The band started loosening up, which was a big improvement, but Mike Cambell still played kind of sloppily until I wondered maybe if that was his “style”. Unfortunately they continued to loosen up, right past the point where it was loose and into the place where Tom was improvising some kind of “I love you sooo much” business while the Heartbreakers vamped the blues. This is the opposite end of what I was saying about Bright Eyes; sometimes you can give the crowd too much of what they want. Then, unforgivably, with all the tremendous hits they have at their disposal, with Stevie Nicks waiting, perhaps, to sing one from her catalog, they launched into a fifteen minute version of Gloria. Does the world really need to hear one more bar band play Gloria? Even Tom Petty and the Heartbreakers could not do anything more with that song, it has been interpreted to death. But, of course, the hippies dug it and when Mike Cambell started soloing like Jerry Garcia the place went bananas.

Overall, I was glad that Tom Petty restored some of my snarky, coastal cynicism.

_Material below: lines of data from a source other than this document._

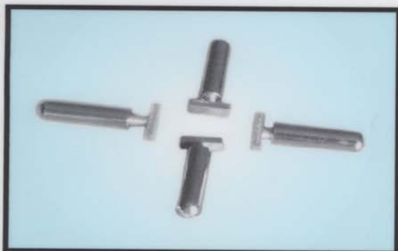
- "T" - VIJAK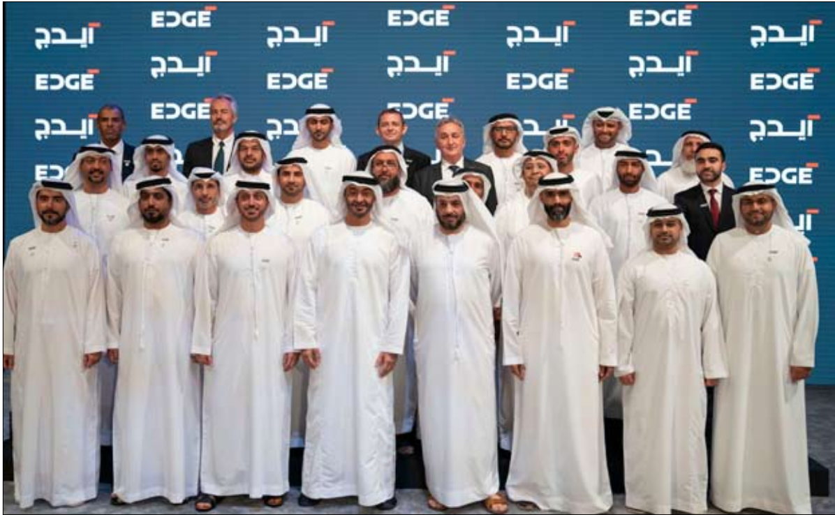
شهد إطلاق مجموعة التكنولوجيا المتقدمة «إيدج»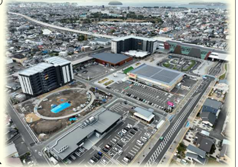
令和6年12月 新大村駅さくら口（東口）

改めまして令和7年度は、平成28年10月の事業計画決定から9年目を迎える年となりました。特に、年度内には、換地処分を予定しておりますので、引き続き、職員一丸となって取り組んで参ります。長期にわたる事業ではありますが、今後ともよろしく願いいたします。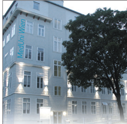
MEDIZINISCHE UNIVERSITÄT WIEN / © MedUni Wien

(4) Der/die ArbeitnehmerIn ist verpflichtet, die geleisteten Mehrarbeitsstunden oder Überstun-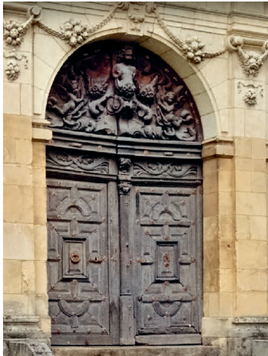
La porte de la chapelle des Ursulines en 2021 avant sa restauration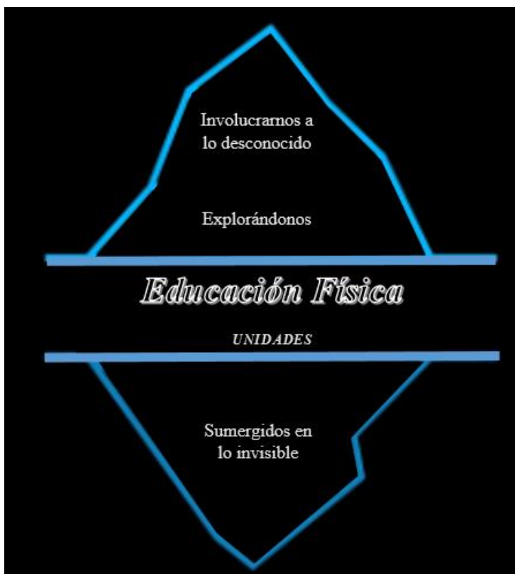
Ilustración 3: Unidades didácticas

Nota: Adaptada de imagen original de canva.com https://shorturl.at/07kxA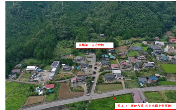
保全対象 (人家・県道・市道)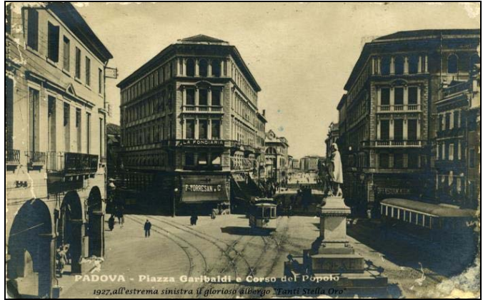
PADOVA - Piazza Garibaldi e Corso del Popolo 1927, all'estrema sinistra il glorioso albergo "Tandè Stella Oro"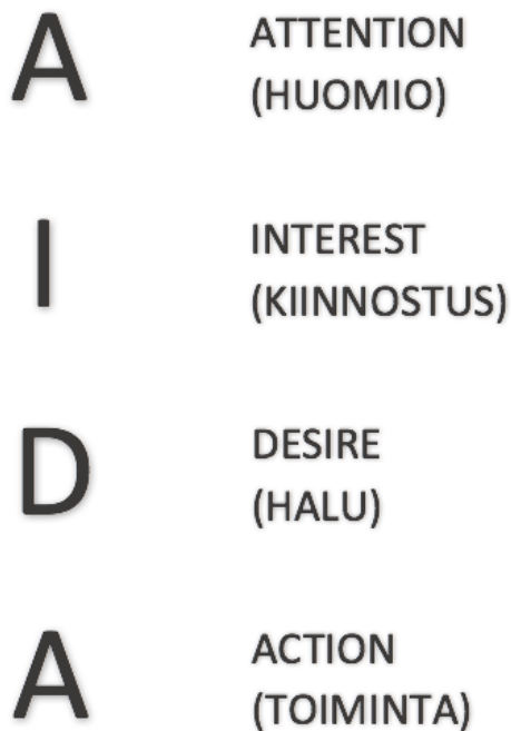
Kuvio 1. AIDA-malli (Markkinointisuunnitelma).

On tärkeää, että visuaalisti tuntee yrityksen kohderyhmän, jotta näyteikkuna on mahdollisimman puhutteleva. Myyntitavoitteisiin yltävään esillepanoon sisältyy erilaisuus, värien yhdistely, siisti ulkoasu, valaistus ja erilaiset sommitteluvaihtoehdot. Myös tilan hahmottaminen on hyvin tärkeä osa näyteikkunan esillepanoa. (Nieminen 2004, 217.) On olemassa useita erilaisia näyteikkunatyyppejä. Voi olla avoin ikkuna, jolloin myymälä on nähtävillä taustalla, näyteikkuna, jonka takaosa on suljettu sekä matalataustainen ikkuna, jota käytetään paljon koru-, käsityö-, kosmetiikka- ja optiikka-alalla. Näyteikkunoissa hyödynnetään paljon erilaisia tasoja ja telineitä, sillä niiden avulla saadaan tuotteita esille eri korkeuksiin. (Nieminen 2004, 218 - 219.) Näyteikkunan toimivuuteen voidaan soveltaa AIDA-mallia. Kuviossa 1 on kuvailtu asiakkaan vaiheet, joka alkaa huomion heräämisestä ja vie ostotoimintaan asti. AIDA-malliin kuuluu, huomion herääminen, kiinnostus, halu sekä toiminta.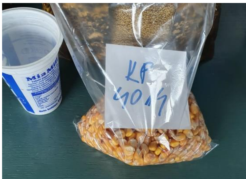
Slika 10. Sjeme kratko plosnate (KP) frakcije hibrida Os 4014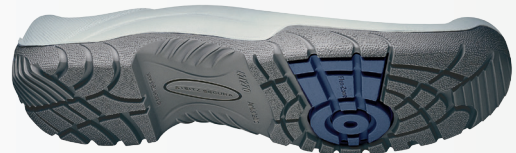
(in den Größen 36-37 mit der Laufsohle Perbunan SST)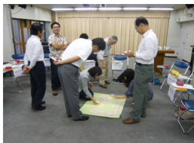
ワークショップ作業中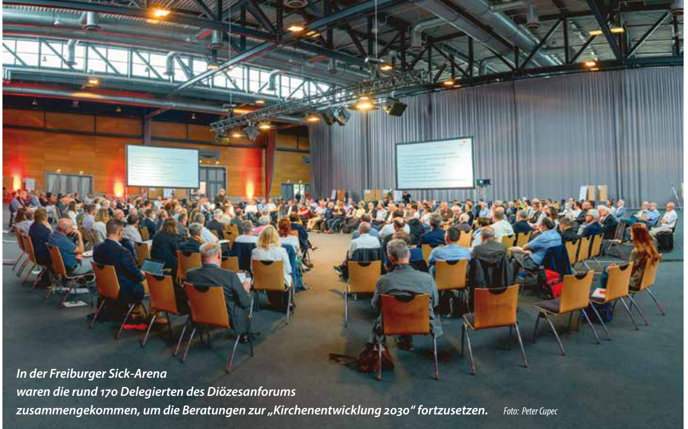
In der Freiburger Sick-Arena waren die rund 170 Delegierten des Diözesanforums zusammengesessen, um die Beratungen zur „Kirchenentwicklung 2030“ fortzusetzen.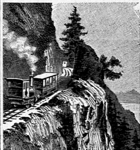
Krabelwand Partie der Arth-Rigi-Bahn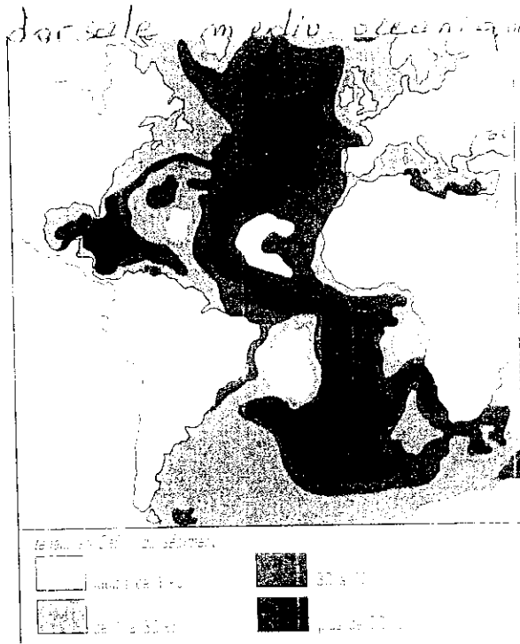
a. Répartition actuelle des boues carbonatées.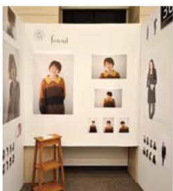
36 hair & make found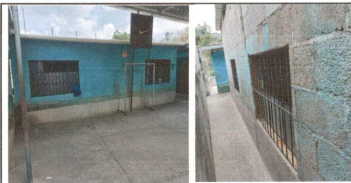
Foto 12: Las ventanas de Segundo primaria están deterioradas, necesitan ser sutituidas por ventanas PVC corredizas.

Observación: Si es necesario se pueden agregar hojas adicionales y actualizar el número de hojas.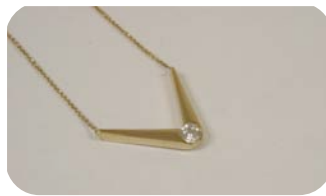
Ismael Rosales Rivera “Ave Fénix”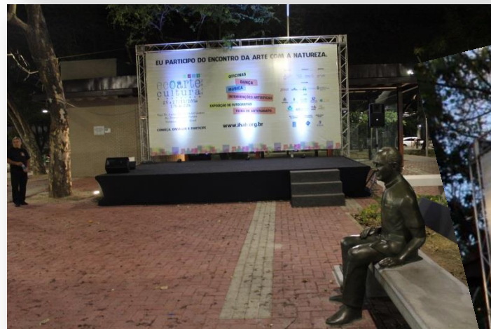
Palco e Painel de Palco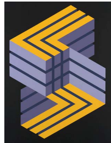
Figura imposible. 1973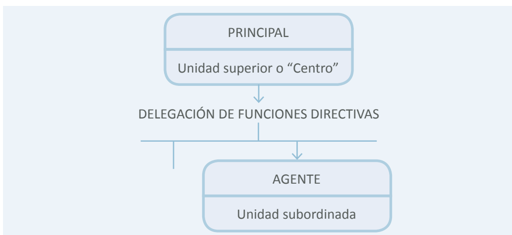
Gráfica 2. Delegación de funciones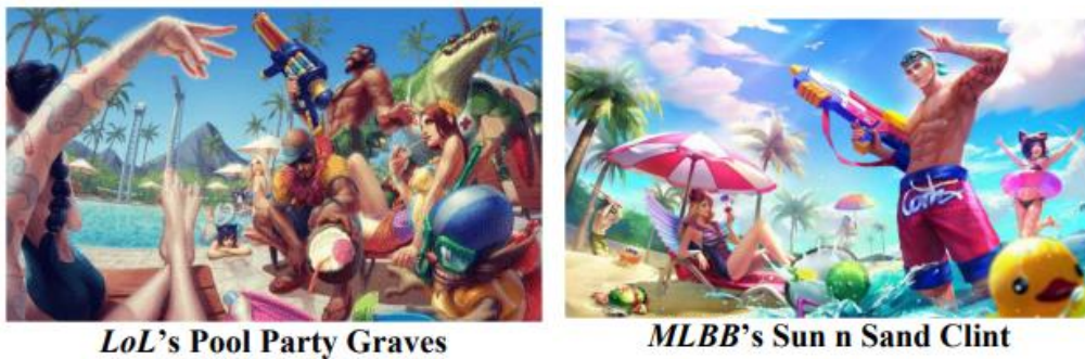
Gambar 14. Ilustrasi pada event musim panas

Di sebuah event yang diadakan didalam game, LoL mengadakan event bertemakan “ Pool Party ” dengan meluncurkan skin karakter yang menggunakan atribut musim panas, seperti pelampung, kolam renang, bola pantai, tembakan air, dan lain sebagainya. Hal ini kemudian di tiru kembali oleh MLBB dengan meluncurkan event yang sangat mirip. Mulai dari skin karakter yang diluncurkan, atribut game yang digunakan, hingga ilustrasi yang menjadi bahan marketing pun terlihat serupa.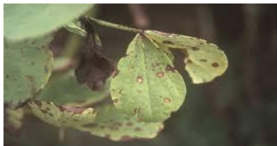
Figure 3 : Symptômes de la tache chocolatée sur féverole

La tache chocolatée est une maladie provoquée par le champignon responsable, Botrytis cinerea , présent dans le sol à l'état endémique. Il n'apparaît qu'en fin de cycle, à partir de la floraison et concerne principalement la fève et la féverole (Maladie principale de la culture). Il infeste les plantes à partir des taches de mildiou, de blessures (physique, piqûres d'insectes...) ou d'organes sénescents tels que les pétales fanés.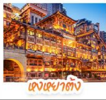
เจียงเฉาตั้ง

สัมผัสใบไม้แดงสุดงดงามที่ ภูเขาหมีช้างชาน และ ภูเขาทงอู่ชาน ชมวิวกลางคืนสุดอลังการที่ หงหยาดตั้ง แลนด์มาร์กชื่อดังแห่งฉะเชิง สักการะพระโพธิสัตว์เจ้าแม่กวนอิม ณ วัดหิ่งห้อย ขอพรเสริมสิริมงคล เช็คอินแลนด์มาร์กสุดฮิต แพนด้าปิ่นตึก IFS + POP MART ช้อปปิ้งจุใจที่ ไท่กุหลี่ ถนนคนเดินซุนซีอู๋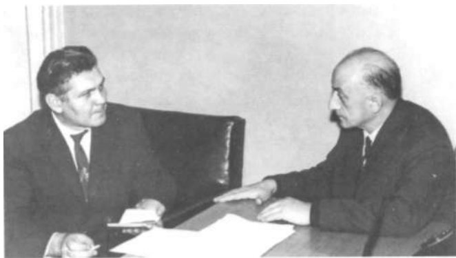
Б. Г. Ананьев и Б. Ф. Ломов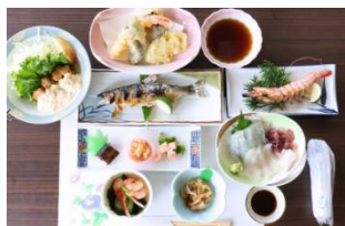
※仕入れ状況により一部変更になる場合がございます。

是非この機会に、歴史ある神社で新年の願いを込め、自然と文化にふれる一日をお楽しみください。皆さまのお申し込みをお待ちしております。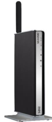
SS6000Pro（据置用品はオプション）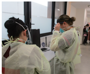
防護服に着替えた看護師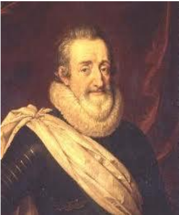
Slika 11. Henrik II.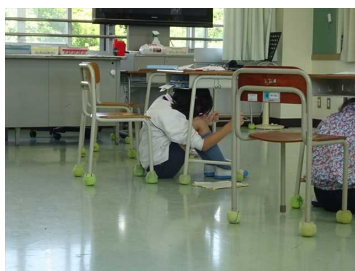
写真6 シェイクアウト訓練

兵庫県では、南海トラフ地震や日本海または沿岸で発生した地震での津波による浸水が想定される県内15市3町に滞在している方に対し、避難を呼びかける緊急速報メール（エリアメール）が配信される「兵庫県津波一斉避難訓練」が実施されました。本訓練ではエリアメール鳴動にあわせてシェイクアウト訓練を行ったり（写真6）、自宅や学校、勤務先の最寄りの避難場所までの経路を確認するなど、地震への備えを再確認しました。神戸聴覚特別支援学校では、報知音の覚知が困難な人にも津波警報等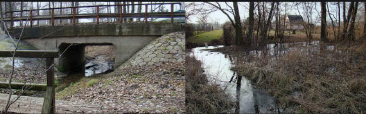
Bzura, most przy ul. Łagiewnickiej Bzura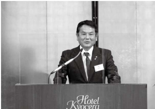
中重市長あいさつ

当日は、会議所役員議員、来賓、128名にご参加いただき、コロナウイルス感染防止の観点からホテル京セラの感染対策を遵守し、盛会に終了しました。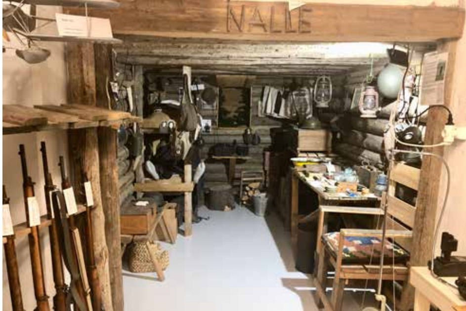
Hirsinen Nalle-korsu aidoin rintamaolosuhteet kokenein esinein. Koululaisryhmien ehdoton suosikki.

Också jägarna har fått ett eget avsnitt. En karta ut-

I had spent the day journeying to the outer edge of happy-happy, joy-joy, to the point that I was crying at a Cat Power show, but in the end had come back to Earth, back to where I was comfortable, making arch comments about other guitar players. I finished the night watching My Morning Jacket play deafening chicken-fried rock, where every song STARTS at the climax and goes up from there, but I was mostly unmoved. That seems like fun music to play, but I think listening to too much of it would make me want to get in a musket fight with someone.

I finished the night with a handful of GORP for dinner, and curled up in the back of a mini-van to catch some “z”s before the big day tomorrow. The last news of the day was that some kid running across the interstate had been hit and killed by Ricky Skaggs’ tour bus. I felt sorry for Ricky that his day had to end in tragedy. The mood around the press tent raised the question whether a kid walking across the interstate might not have been on drugs. We’ll see. Either way Bonnaroo deserves credit for how FEW troubling incidents occur.